Regia di Emma Dante vedi scheda film
Molto liberamente tratto dal suo omonimo lavoro teatrale, il secondo film della regista è un dramma familiare meno sanguigno rispetto al solito tono dell’autrice, che anche stavolta firma la sceneggiatura con Giorgio Vasta.
Riducendo il numero originale delle figure femminili da 7 a 5, l’adattamento diventa di fatto un cripto-remake di Piccole donne che vivono in una mansarda adibita a colombaia (la folta presenza dei volatili richiama in modo irresistibile ma scontato l’hitchcockiano The Birds), colte à la sauvette nell’ultimo giorno di genuina felicità su questa terra (in base a una facile allusione filmica, quasi certamente estate 1986).
Tra ricordi, accuse e sensi di colpa, si assiste al mesto e miserabile fluire degli eventi, conseguenza della perdita dei sogni di gioventù (il ballo, la letteratura) dovuta a un tragico incidente.

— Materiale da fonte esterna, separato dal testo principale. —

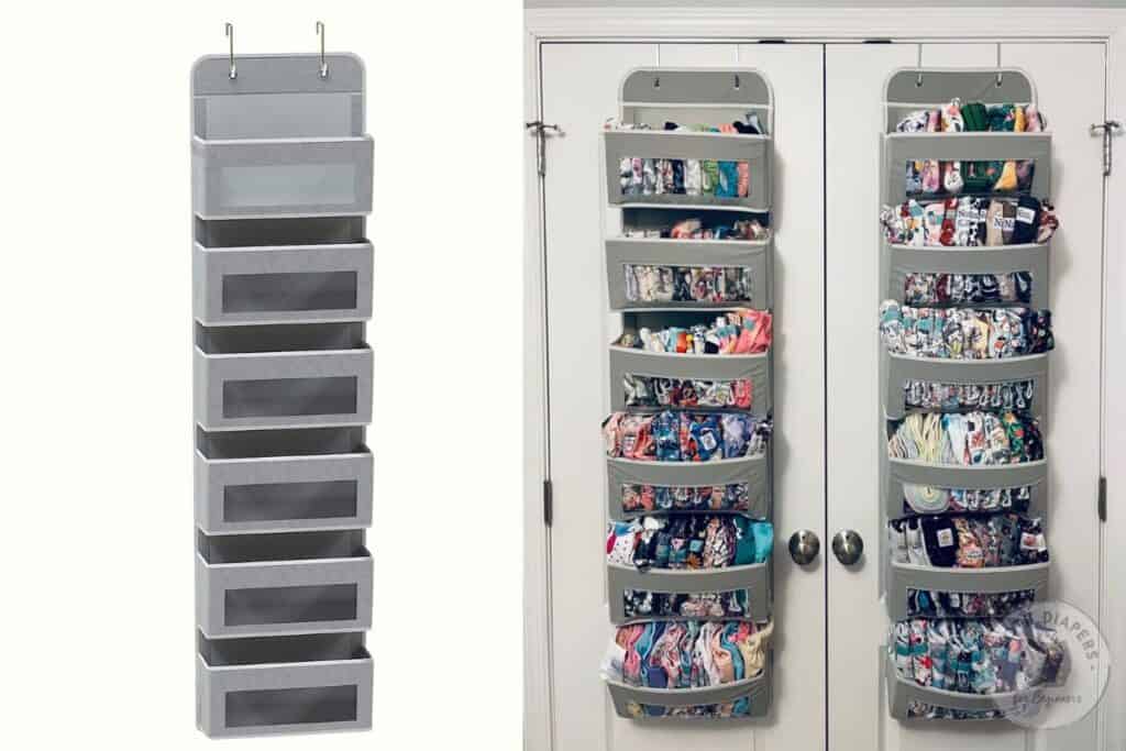 This particular over-the-door organizer with clear pockets is a fan favorite in the Cloth Diapers for Beginners Facebook group.

Tuttavia la scansione dei tre atti è diseguale, per durata (il primo blocco risulta più organico; i successivi sono alquanto meccanici), scelte musicali (l’usurata prima Gymnopédie di Satie; Inverno di De André nella versione di Battiato) e stilistiche (ellissi di comodo, in almeno un caso addirittura irritante per sbrigatività), inficiando quella che voleva essere una struggente elegia degli ultimi.
Più Due partite di Cristina Comencini che Anton Cechov.